Run / Set Hardware Benchmark Best Practices And Other Questions

So I am finding it hard to find documentation specifically on this blueprint but how to the elements in Run Hardware Benchmark work (work scale, gpu and cpu multiplier)?

What are best practices when using this? Is it best to run this the first time the game runs or should I just keep it in the options menu?

Does this create any information that can be logged about the system the game is being run on? How can I access this information in game?

Also what is the best way of setting these things temporarily and asking the user if they want to keep these settings?

Iā€™d also be interested in this. Specifically, targeting the benchmark to a specific framerate and then being able to set the results into a scalability setting.

For an AAA style result I would create a custom benchmark and step through different settings until the FPS is below a desired threshold.

Basically you take a 2m run of a cinematic sequence that you benchmarked before or that you know the basic triangle count/information of already.
with that sequence you adjust settings one at a time until you get to the least possible acceptable FPS avarage.
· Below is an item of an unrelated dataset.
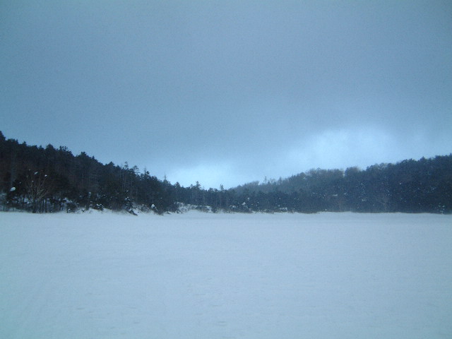 白駒池まで行ってテントしましょ」それで白駒へと向かった。白駒池に15時に到着。そこは広い雪原。夏場が池であることが嘘のよう。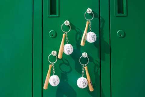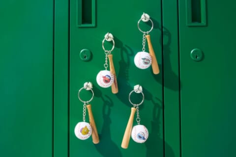 ベースボールキャップをかぶったキャラクターたちのイラストをあしらった、野球グッズモチーフのキーホルダーです。ボールの裏面にはキャラクターたちのサインが、バット部分にはセサミストリートマーケットオリジナルのチームロゴがプリントされており、ユニークなデザインがポイントです。レッド(エルモ)、グリーン(オスカー)、ブルー(クッキーモンスター)、パープル(ビッグバード)の全4色展開です。

Iā€™m not sure if the system you are referring to is some sort of built in tool that does something similar to this with the preset epic settings or what, however the end goal would probably still be to read out the stat fps value to a variable for comparison.

As far as things to tweak on/off when benchmarking the most drastic difference / benefit is usually anything to do with less triangles on screen and less transparent effects on screen.
Particles can add a lot of overhead for instance so if you are targeting lower end systems you would create a way to just globally disable some particles.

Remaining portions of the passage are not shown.